Malawi has announced a landmark policy shift aimed at boosting local economic growth by banning the export of raw minerals, President Peter Mutharika has said.
The move is designed to ensure that the country fully benefits from its mineral wealth through local processing rather than sending unprocessed resources abroad.
Speaking at Kamuzu Palace in Lilongwe, Mutharika highlighted that strategic sites such as the Kasiya rutile deposit in Lilongwe and the Kangankunde rare earth deposit in Balaka could generate up to $500 million annually if properly developed and managed.
He described the current system of exporting raw minerals without local value addition as a significant economic loss, depriving Malawians of jobs and limiting government revenue.
“This practice has been undermining our industrial growth and keeping our people in poverty,” Mutharika said. “We must add value to our minerals right here in Malawi, create jobs, and keep the profits within our borders.” He added that his administration will soon establish a National Mining Corporation to oversee mineral production, processing, and export, aiming to enhance transparency and accountability in the sector.
The President also stressed the importance of strategic partnerships with credible international investors who can help build local capacity while respecting Malawi’s resource sovereignty.
Mining experts note that the Kasiya rutile site, managed by Sovereign Metals Limited, is among the largest undeveloped rutile reserves globally, while the Kangankunde site holds rare earth elements crucial for electric vehicles, renewable energy, and high-tech electronics.
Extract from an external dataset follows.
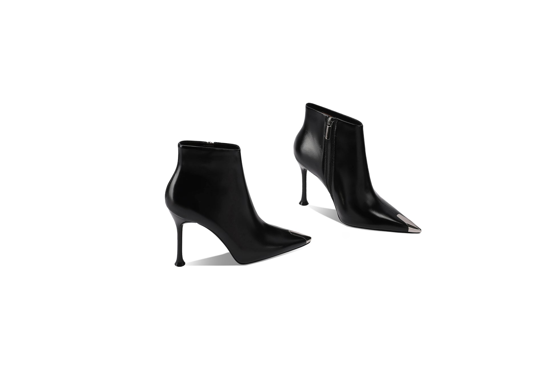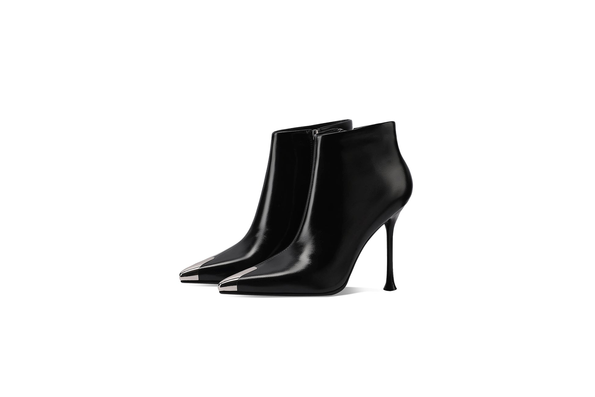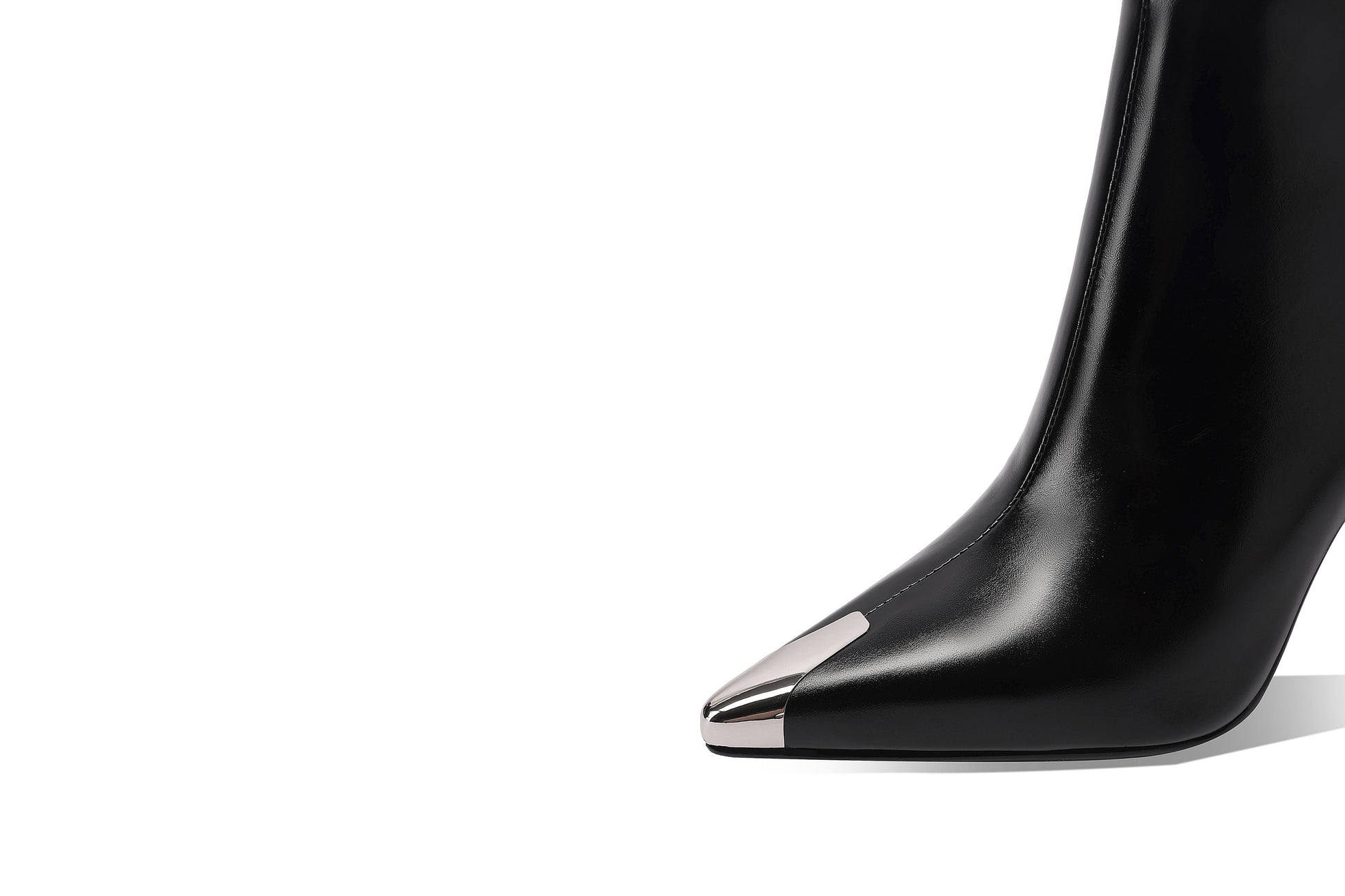 TinaCus Women's Genuine Leather Handmade Metal Toe Stiletto Heel Side Zip Up Ankle Boots

Economists have cautioned that the policy’s success will depend on heavy investment in processing infrastructure, technology, and skilled labor. They also emphasized the need for transparency, environmental sustainability, and community engagement in mining areas.
Civil society organizations welcomed the move but called for strong oversight to prevent corruption and ensure that mineral wealth benefits the broader population.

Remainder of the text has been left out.